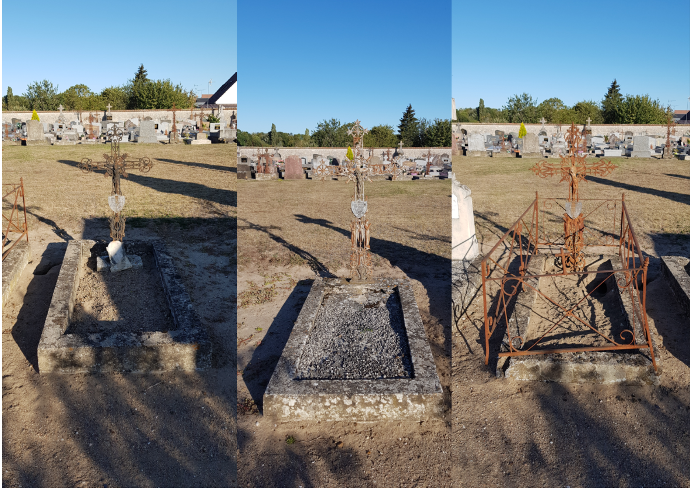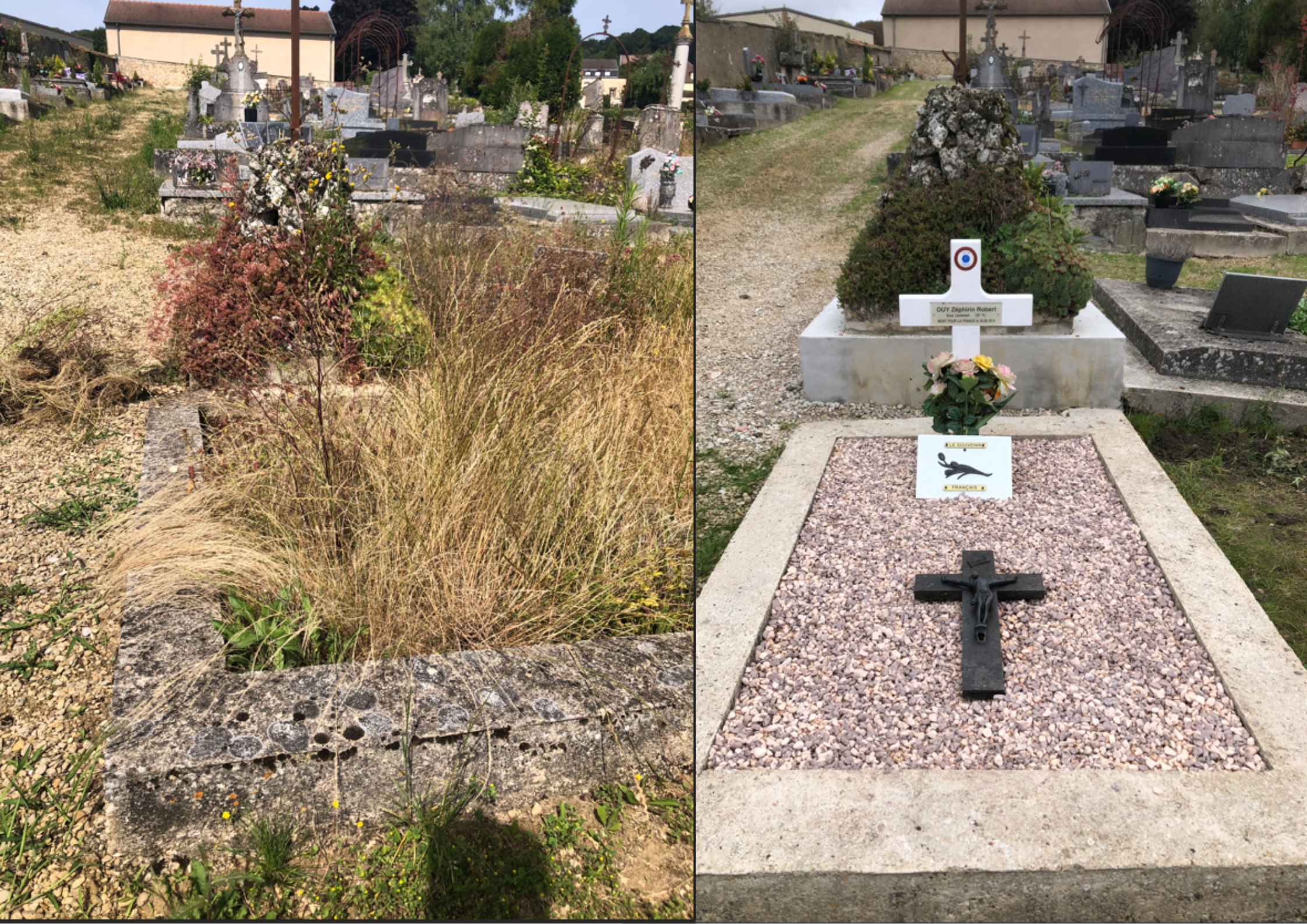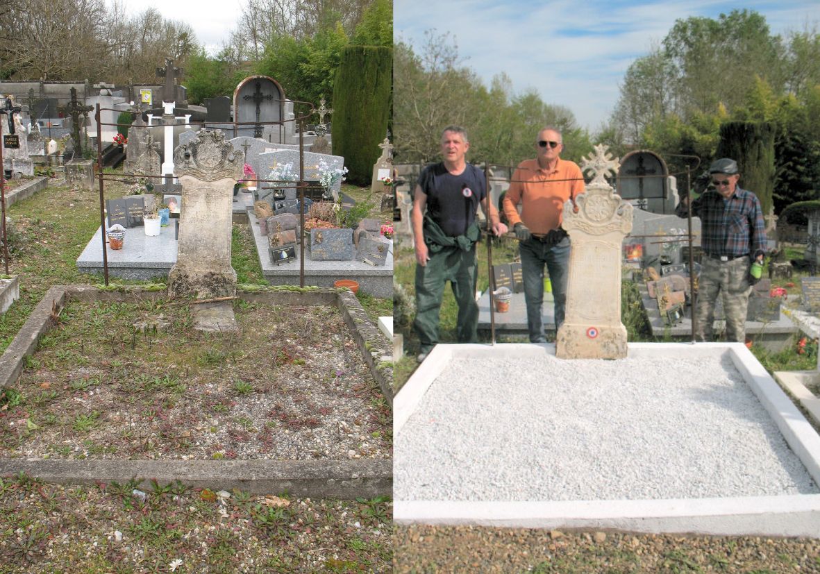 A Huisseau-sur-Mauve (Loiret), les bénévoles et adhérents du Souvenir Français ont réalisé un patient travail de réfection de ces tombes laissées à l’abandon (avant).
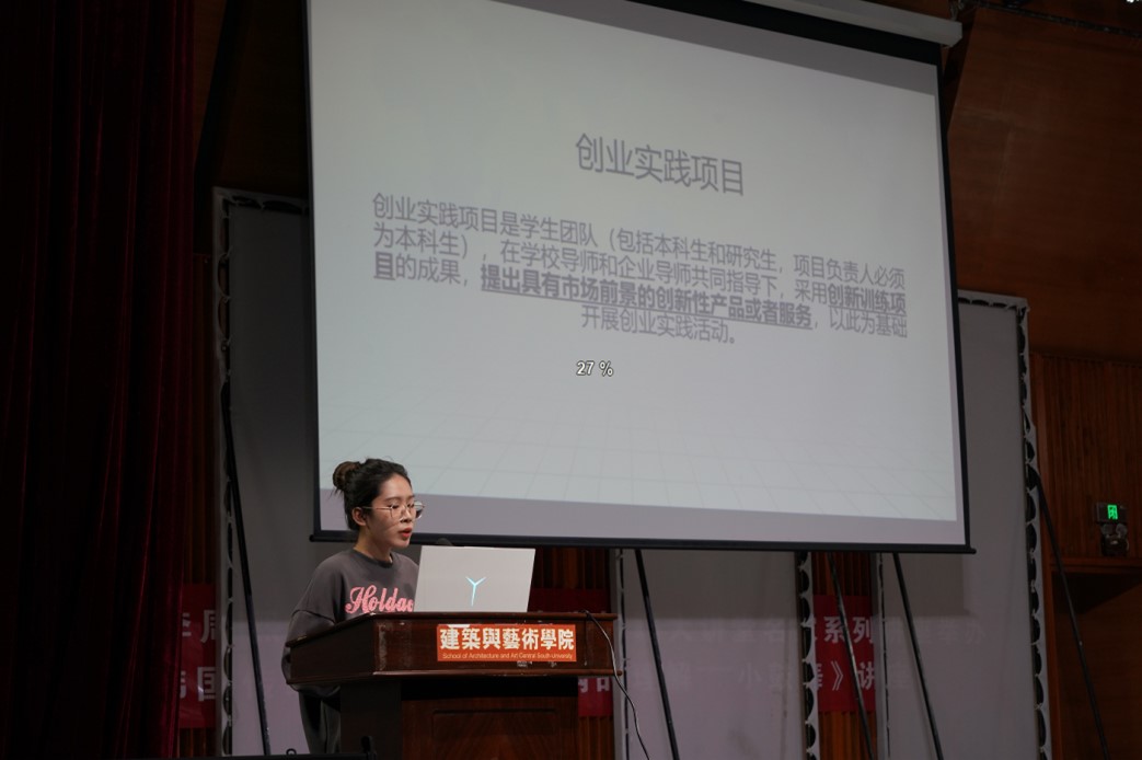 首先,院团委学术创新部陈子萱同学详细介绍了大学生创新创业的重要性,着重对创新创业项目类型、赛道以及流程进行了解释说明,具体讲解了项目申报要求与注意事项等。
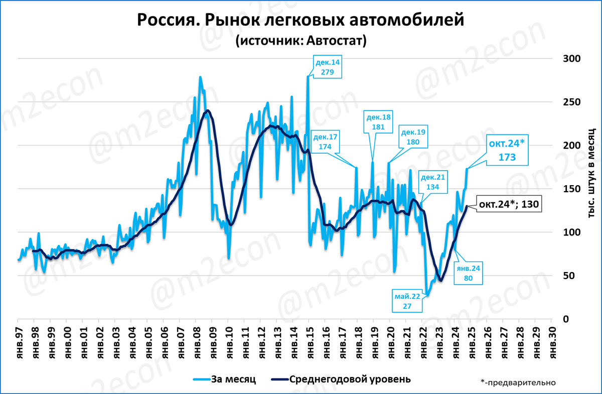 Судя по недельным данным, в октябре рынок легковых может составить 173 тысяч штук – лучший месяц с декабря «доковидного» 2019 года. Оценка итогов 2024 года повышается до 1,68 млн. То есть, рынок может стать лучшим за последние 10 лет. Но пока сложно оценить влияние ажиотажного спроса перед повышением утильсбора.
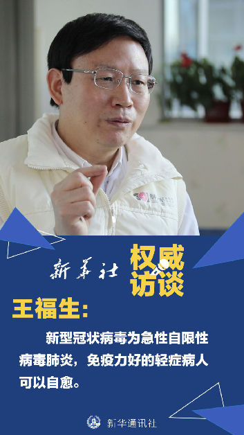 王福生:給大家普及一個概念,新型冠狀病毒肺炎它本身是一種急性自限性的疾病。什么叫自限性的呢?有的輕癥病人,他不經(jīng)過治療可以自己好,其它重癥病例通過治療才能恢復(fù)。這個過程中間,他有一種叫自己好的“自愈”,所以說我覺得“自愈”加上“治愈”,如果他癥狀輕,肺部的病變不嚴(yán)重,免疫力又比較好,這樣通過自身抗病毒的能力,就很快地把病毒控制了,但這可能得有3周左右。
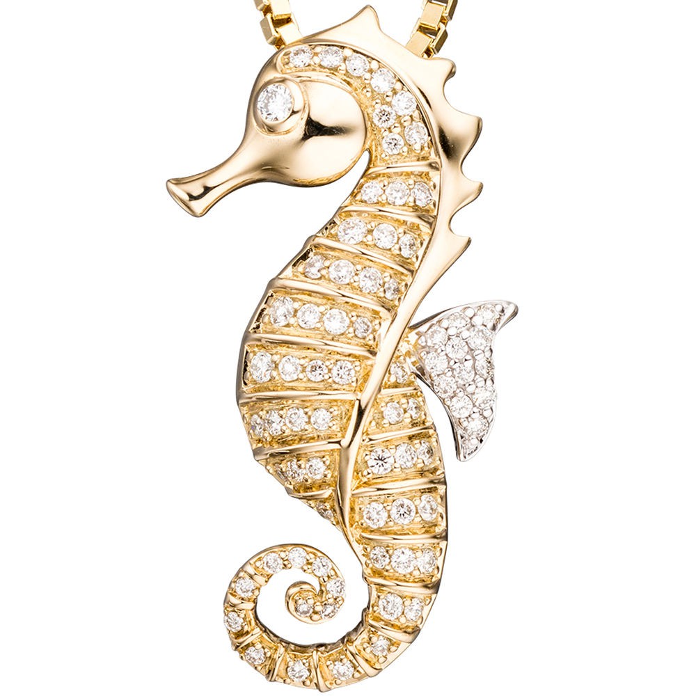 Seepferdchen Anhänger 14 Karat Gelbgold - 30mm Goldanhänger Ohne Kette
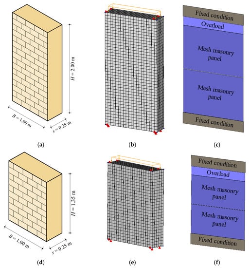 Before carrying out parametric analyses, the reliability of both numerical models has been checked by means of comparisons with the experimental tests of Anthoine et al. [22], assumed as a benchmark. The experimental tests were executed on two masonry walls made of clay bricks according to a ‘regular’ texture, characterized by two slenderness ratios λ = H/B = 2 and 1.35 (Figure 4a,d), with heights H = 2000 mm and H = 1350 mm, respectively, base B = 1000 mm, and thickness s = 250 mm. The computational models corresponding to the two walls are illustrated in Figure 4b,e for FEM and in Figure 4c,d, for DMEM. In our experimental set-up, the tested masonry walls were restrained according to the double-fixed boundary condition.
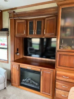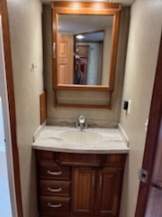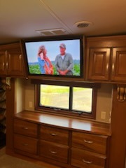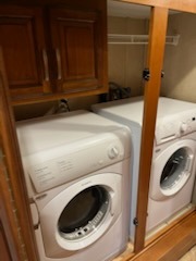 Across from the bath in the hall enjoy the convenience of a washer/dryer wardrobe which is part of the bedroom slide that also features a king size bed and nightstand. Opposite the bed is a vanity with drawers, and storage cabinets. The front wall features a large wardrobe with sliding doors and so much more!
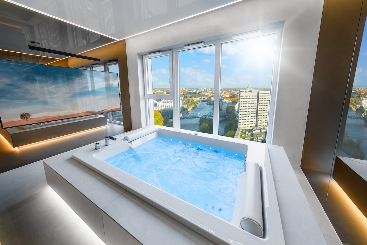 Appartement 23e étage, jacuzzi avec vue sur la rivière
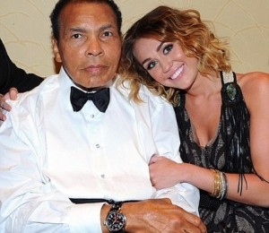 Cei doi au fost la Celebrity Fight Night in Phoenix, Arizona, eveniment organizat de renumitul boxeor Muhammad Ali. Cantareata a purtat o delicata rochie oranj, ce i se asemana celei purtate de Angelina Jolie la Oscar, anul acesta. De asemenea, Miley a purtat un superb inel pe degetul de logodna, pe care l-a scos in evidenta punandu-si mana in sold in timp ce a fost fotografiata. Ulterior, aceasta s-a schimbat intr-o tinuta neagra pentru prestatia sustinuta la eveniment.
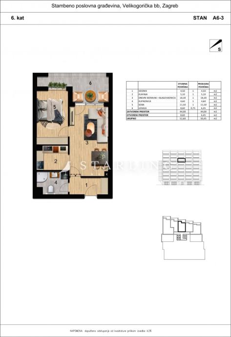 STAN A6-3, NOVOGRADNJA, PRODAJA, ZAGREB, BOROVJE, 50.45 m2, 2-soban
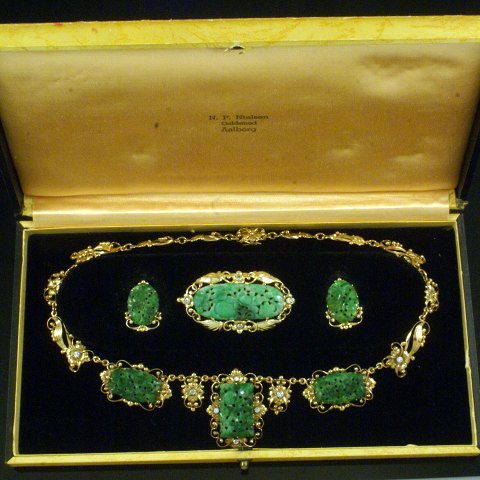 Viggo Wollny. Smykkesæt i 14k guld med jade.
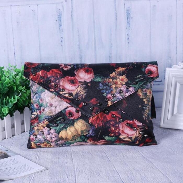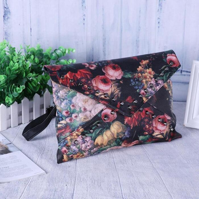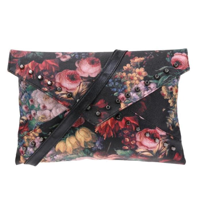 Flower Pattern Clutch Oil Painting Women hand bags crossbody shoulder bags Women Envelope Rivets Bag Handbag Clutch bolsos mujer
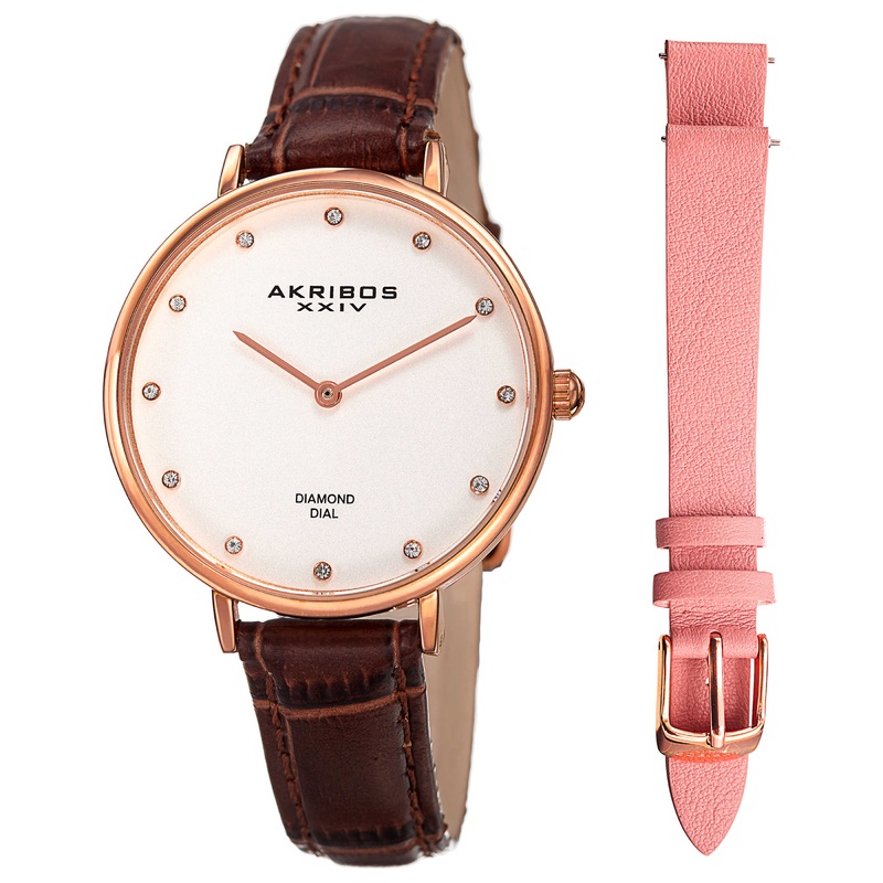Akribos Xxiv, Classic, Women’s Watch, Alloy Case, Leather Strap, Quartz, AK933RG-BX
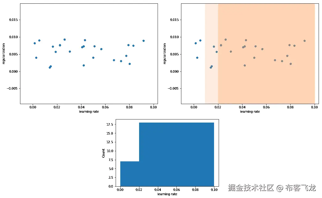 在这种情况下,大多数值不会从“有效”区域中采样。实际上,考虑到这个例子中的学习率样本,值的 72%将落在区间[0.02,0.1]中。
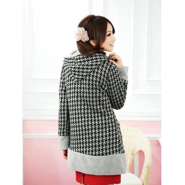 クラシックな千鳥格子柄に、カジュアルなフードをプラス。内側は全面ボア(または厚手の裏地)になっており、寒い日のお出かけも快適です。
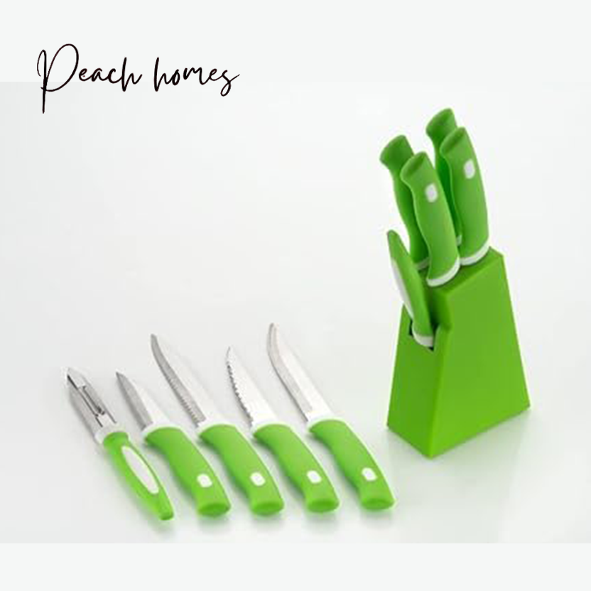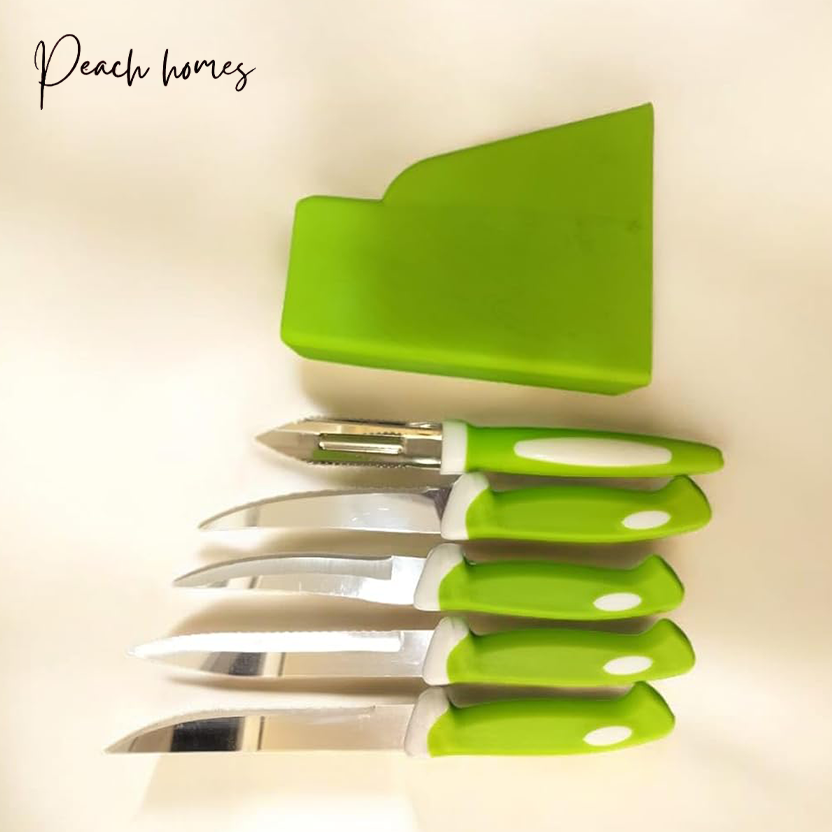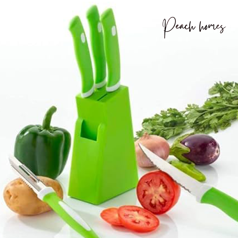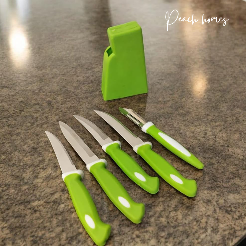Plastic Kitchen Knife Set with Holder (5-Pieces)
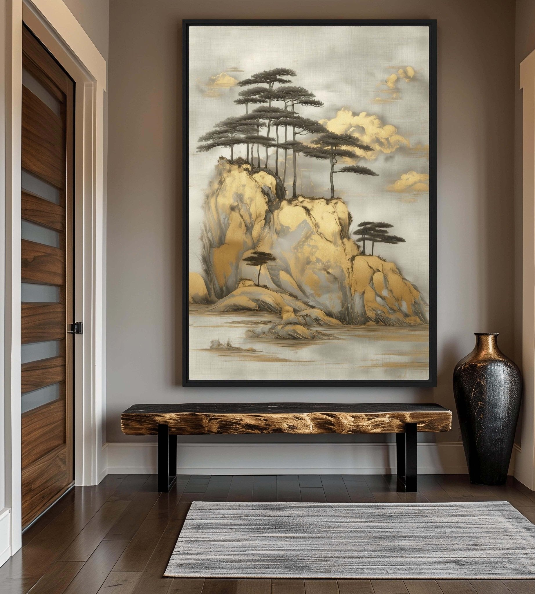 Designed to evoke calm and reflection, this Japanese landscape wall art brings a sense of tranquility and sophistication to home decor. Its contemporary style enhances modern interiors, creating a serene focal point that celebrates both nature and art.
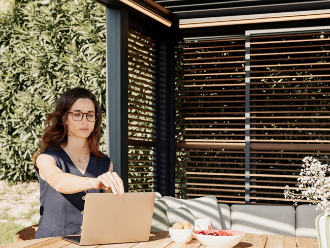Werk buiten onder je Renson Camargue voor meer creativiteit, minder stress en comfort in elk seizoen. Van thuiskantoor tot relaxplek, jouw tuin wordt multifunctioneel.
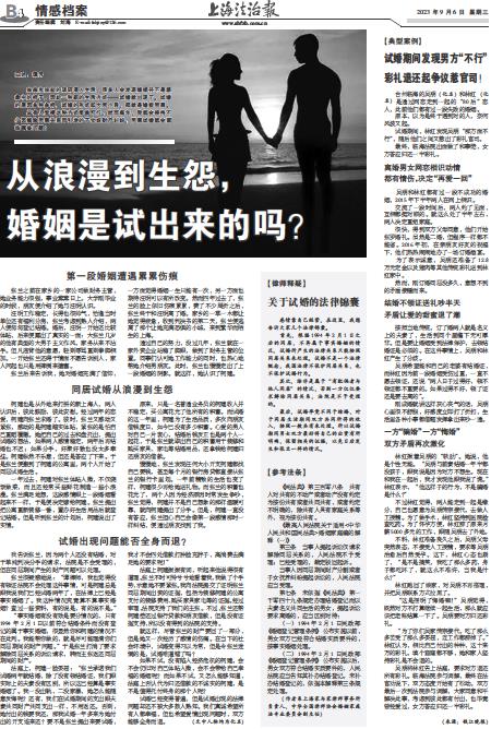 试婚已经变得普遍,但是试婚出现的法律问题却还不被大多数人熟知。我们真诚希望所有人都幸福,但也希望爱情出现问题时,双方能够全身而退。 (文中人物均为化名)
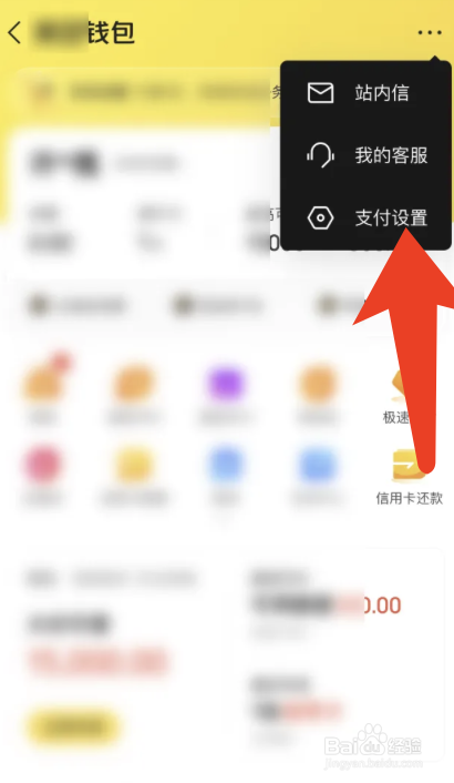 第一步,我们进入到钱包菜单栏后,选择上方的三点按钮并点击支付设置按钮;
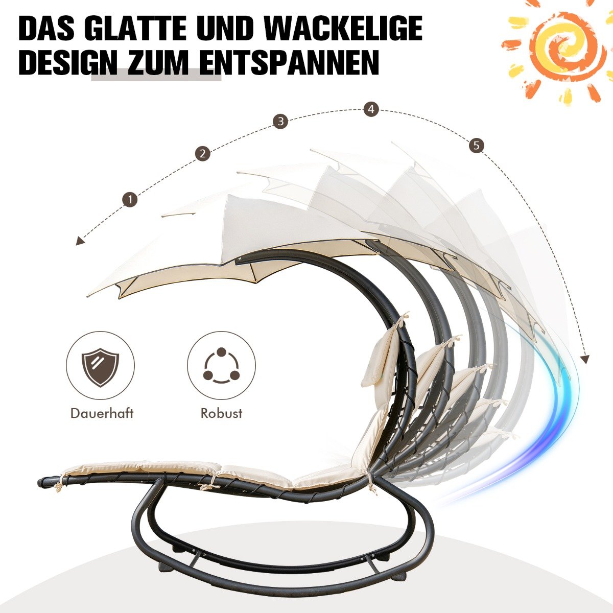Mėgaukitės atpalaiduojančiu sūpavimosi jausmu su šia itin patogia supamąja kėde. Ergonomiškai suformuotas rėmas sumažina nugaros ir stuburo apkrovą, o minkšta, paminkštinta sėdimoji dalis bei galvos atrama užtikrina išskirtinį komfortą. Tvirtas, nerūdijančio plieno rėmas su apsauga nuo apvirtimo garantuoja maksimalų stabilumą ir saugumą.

★ ★ ★

_TASK TO COMPLETE_
Each line above starting at the one holding "Flower Pattern Clutch" and ending at the one holding "クラシックな千鳥格子柄に、カ" should be set down exactly as it stands, both ends included, with no pictures.

_RESULT OF THIS EXERCISE_
 Flower Pattern Clutch Oil Painting Women hand bags crossbody shoulder bags Women Envelope Rivets Bag Handbag Clutch bolsos mujer
Akribos Xxiv, Classic, Women’s Watch, Alloy Case, Leather Strap, Quartz, AK933RG-BX
 在这种情况下,大多数值不会从“有效”区域中采样。实际上,考虑到这个例子中的学习率样本,值的 72%将落在区间[0.02,0.1]中。
 クラシックな千鳥格子柄に、カジュアルなフードをプラス。内側は全面ボア(または厚手の裏地)になっており、寒い日のお出かけも快適です。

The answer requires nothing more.